Your goal: Exclude images, then output the remaining data verbatim.

Given information:
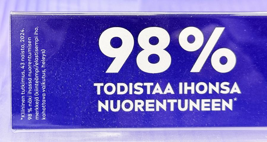 Nivean (Beiersfordin) kaltaisella jättifirmalla on epäilemättä tarkat ja asiansa osaavat tyypit vastaamassa mainonnan juridiikasta. Vaikka nuoruus-väittämät tuntuvat minusta ilman muuta olevan lainvastaisia, oli pääteltävissä, että jollain perusteella ne oli Nivean taholla nähty säännösten mukaisina.
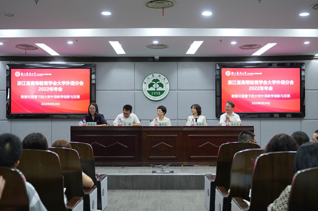 之后,浙江省高等教育学会大学外语分会会长董燕萍从教材建设、教师发展、人才培养三个方面介绍并总结了浙江各高校在大学外语教育的开拓创新上取得的成果;指出2022年大学外语教育面临的机遇与挑战:在新文科建设和数智化的时代背景下,大学外语教育工作者要以教育教学新发展理念为引领,以数智化技术为支撑,共商外语教育大计,共谋外语教育新发展。
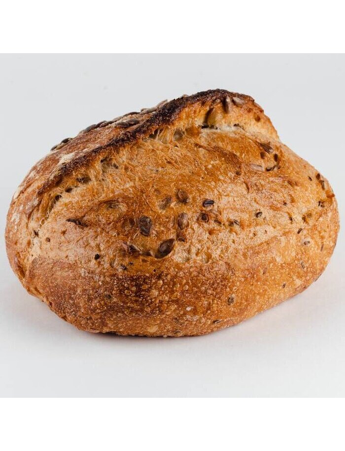 Тартин – традиционный подовый пшенич-ный хлеб из влажного теста на закваске с добавлением цельнозерновой муки. Тартин называют экзаменом для пекаря. Весь путь до румяной круглой буханки нужно пройти самостоятельно: вырастить закваску, следить во время долгих часов брожения за состоянием теста, руками чувствовать упругость замеса и научиться определять готовность хлеба в печи. Придать хлебу необычные нотки помогают семечки подсолнечника, тыквы и льна.

Task response:
 Nivean (Beiersfordin) kaltaisella jättifirmalla on epäilemättä tarkat ja asiansa osaavat tyypit vastaamassa mainonnan juridiikasta. Vaikka nuoruus-väittämät tuntuvat minusta ilman muuta olevan lainvastaisia, oli pääteltävissä, että jollain perusteella ne oli Nivean taholla nähty säännösten mukaisina.
 之后,浙江省高等教育学会大学外语分会会长董燕萍从教材建设、教师发展、人才培养三个方面介绍并总结了浙江各高校在大学外语教育的开拓创新上取得的成果;指出2022年大学外语教育面临的机遇与挑战:在新文科建设和数智化的时代背景下,大学外语教育工作者要以教育教学新发展理念为引领,以数智化技术为支撑,共商外语教育大计,共谋外语教育新发展。
 Тартин – традиционный подовый пшенич-ный хлеб из влажного теста на закваске с добавлением цельнозерновой муки. Тартин называют экзаменом для пекаря. Весь путь до румяной круглой буханки нужно пройти самостоятельно: вырастить закваску, следить во время долгих часов брожения за состоянием теста, руками чувствовать упругость замеса и научиться определять готовность хлеба в печи. Придать хлебу необычные нотки помогают семечки подсолнечника, тыквы и льна.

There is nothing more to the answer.